Now that you know why credit is useful, and you have an idea what interest will cost you, it's time to look at various kinds of credit you might use in your lifetime. As you decide what kinds of credit to use, always keep in mind why credit is useful and that there are costs associated with using credit.
- Credit cards
- Store cards
- Auto loans
- Student loans
- Personal loans
Credit cards represent an agreement between the person using the card and the company or bank that issued the card. Each time a person makes a purchase with a credit card, that person is taking out a loan from the card issuer. The cost of the loan—the interest charged—and all of the repayment details are part of the agreement the card user signs when the credit card account is opened.
Store cards are like credit cards but only work at one particular store. Many department stores, clothing stores, and gas stations issue store cards. Store cards often have much higher interest rates than regular credit cards, so you should be very careful when using this type of credit.
Auto loans are a type of credit issued by a bank or other financial company for the purpose of buying a car.
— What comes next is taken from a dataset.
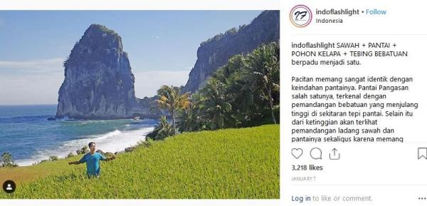 "Sawah + Pantai + Pohon Kelapa + Tebing Bebatuan berpadu menjadi satu. Pacitan memang identik dengan keindahan pantainya. Pantai Pangasan salah satunya, terkenal dengan pemandangan bebatuan yang menjulang tinggi di sekitaran tepi pantai. Selain itu dari ketinggian akan terlihat pemandangan ladang sawah dan pantainya sekaligus karena memang berdekatan. Perjalanan menuju Pantai Pangasan membutuhkan waktu sekitar 30 menit dari jalan desa, dengan melewati jalan setapak yang hanya dapat dilalui kendaraan roda dua, itupun tidak sampai di lokasi, karena jalan yang curam tidak memungkinkan dilalui kendaraan sehingga harus berjalan kaki. Tapi semuanya akan terbayar terbayar ketika tiba di pantai indah ini. Hamparan laut biru akan menyambut, begitupun udara sekitar masih sangat segar, serasi dengan pemandangan persawahan di sekitar pantai. Maka jangan heran, pantai ini kerap buat pengunjung betah berlama-lama karena kealamian dan keindahannya," tulis Instagram @Indoflashlight dikutip Jumat (18/1/2019).

You’ll usually find better interest rates on auto loans from your bank or credit union than from the car dealerships.
Mortgages are loans made by banks or mortgage companies for the purchase of property. The property could be, for example, a house to live in, rental property used to generate income, recreational land in the country, or a lot on which you plan to develop a business. There are many types of mortgages, and figuring out which one is right for the type of property you’re going to buy could be a whole course on its own!
Student loans are loans made to students or their parents to finance the cost of tuition and other expenses associated with going to college or technical school. There are several types of student loans, but the most basic types are either government sponsored loans, such as the Stafford and PLUS programs, or private loans. Government sponsored loans generally have much better loan terms, including better interest rates and more flexible repayment options. Check out www.finaid.org/loans/ for great helpful information about student loans. Student loans are governed by special rules and laws; for instance, student loans can’t be discharged in bankruptcy filings.
Personal loans are loans between two people without the involvement of banks. Personal loans can be a great resource if they’re available, but they can also strain the relationship between the borrower and lender. It’s usually a good idea to put the loan terms of a personal loan in writing so that both people know exactly what to expect. Loan terms include information such as the interest rate charged; the frequency, number, and amount of payments; and when payments are due.